How to Vet Base AI Agent Protocols Before Demo Traffic Looks Like Ad

Explore Hub: AI Agents

how to vet Base AI agent protocols is a discovery problem, not a hype problem. Radar research should identify whether a protocol has durable demand, a defensible category role, and enough on-chain evidence to deserve deeper watchlist attention before social momentum turns noisy.

Quick Discovery Answer

Vet Base AI agent protocols by separating demo clicks from repeated task execution, then checking wallet safety, auditability, and whether users return without campaign prompts.

Core Comparison Criteria

A real agent workflow should complete a task users would otherwise do manually.
Permission design should limit damage if the agent behaves incorrectly.
Logs and receipts should make execution review possible.
Growth should include repeat users, not only first-time demo wallets.

Useful comparison references for this guide include Glorb, but the framework is designed to work even before a category has one obvious leader.

What To Verify On-Chain

Compare new wallets with returning wallets and completed tasks. If usage resets after each campaign, the protocol may have attention but not adoption.

Early discovery is strongest when it combines product context with observable behavior. Wallet growth, repeat users, fee routes, contract upgrades, and partner dependencies all matter more than one high TVL snapshot. The question is whether users would still return if incentives slowed down.

Red Flags

Task success is described qualitatively without on-chain or product-level evidence.
The same wallets cycle through incentives without deeper permissions or workflows.
The protocol cannot explain how users recover from agent mistakes.

Decision Loop

Shortlist protocols that make safety and repetition visible. Keep speculative agents on monitor until the same users trust them with increasingly useful tasks.

A useful Radar note ends with a classification: monitor only, shortlist for weekly review, or reject until the protocol publishes clearer data. That classification should change only when a new contract, integration, user cohort, or risk disclosure changes the evidence.

Follow-Up Diligence

Recheck permission scopes, revoke flows, task logs, and repeat-user cohorts after each major product update.

Keep the research trail simple: category, chain, protocol role, trigger for attention, biggest risk, and the next metric that would prove adoption. This makes it easier to compare protocols across ecosystems without letting the loudest launch dominate the board.

Simple Scoring Model

Use a five-part score before moving a protocol from watchlist to shortlist. Give one point each for clear user demand, transparent contracts or permissions, repeat activity, credible distribution, and visible risk disclosure. A protocol with three points can stay on the watchlist. Four points deserves recurring review. Five points earns deeper category comparison. Anything below three should wait until the evidence improves.

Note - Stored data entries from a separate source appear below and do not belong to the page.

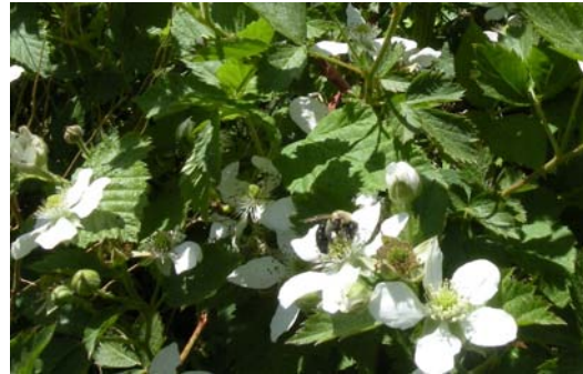
Figure 6. Andrenid on flowers at edge of bog upland

Nesting areas for the many of the solitary bee species are well-drained or sloping ground sites that are free of plants or have patchy areas of bare ground. Others nest in dead/dying trees or rotting logs, particularly in abandoned beetle tunnels.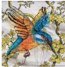
Kingfisher Free motion stitch on calico 30 x 40 cm SOLD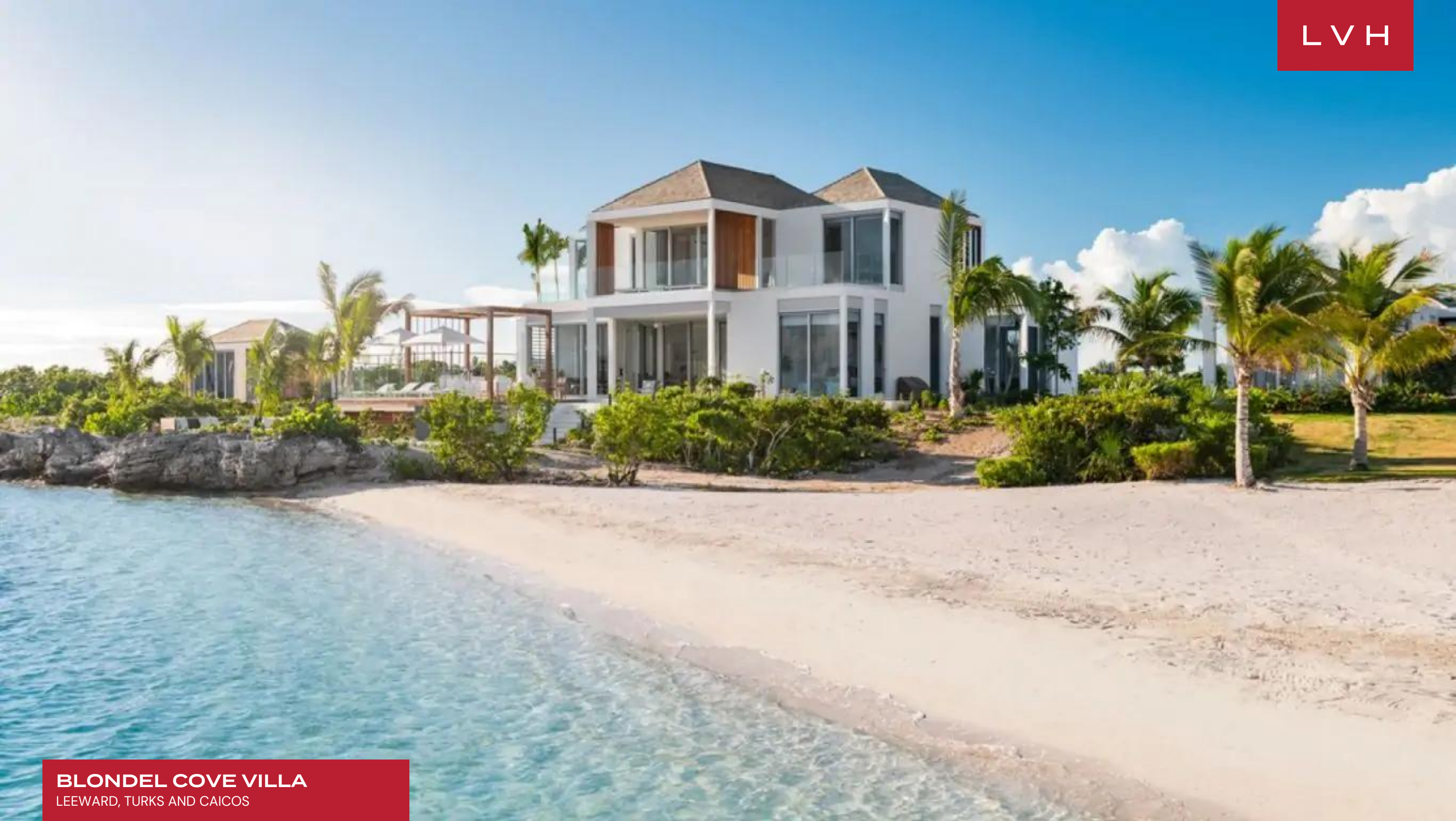
BLONDEL COVE VILLA LEEWARD, TURKS AND CAICOS

The score is not meant to predict token performance. It is meant to prevent research from being captured by launch noise. A protocol can have strong branding and still fail the repeat-activity test. Another can have modest attention but excellent usage quality. Radar coverage should reward the second case when the evidence is cleaner.

Cluster Context

Compare each protocol with the rest of its cluster before making a conclusion. Payments protocols should be judged by payment cadence and settlement fit. DePIN protocols should be judged by real service demand. Risk curators should be judged by mandate discipline. AI agents should be judged by safe repeat execution. The category defines the evidence that matters.

When the evidence is mixed, keep the note conservative. Discovery research is strongest when it says exactly what is known, what is missing, and what would change the view. That makes future updates easier and prevents a weak launch from becoming permanent coverage just because it was early.

Research Cadence

Set a review date instead of leaving the protocol in an undefined watch state. Early-stage protocols can be checked weekly when launches, integrations, or funding events are active. More mature categories can be checked monthly unless a contract upgrade, incident, or partner rollout changes the evidence. The cadence keeps discovery work from becoming a pile of stale bookmarks.

Each review should answer one concrete question: did usage repeat, did risk fall, did distribution improve, or did the protocol drift away from its claimed category? If none of those changed, the classification should stay the same.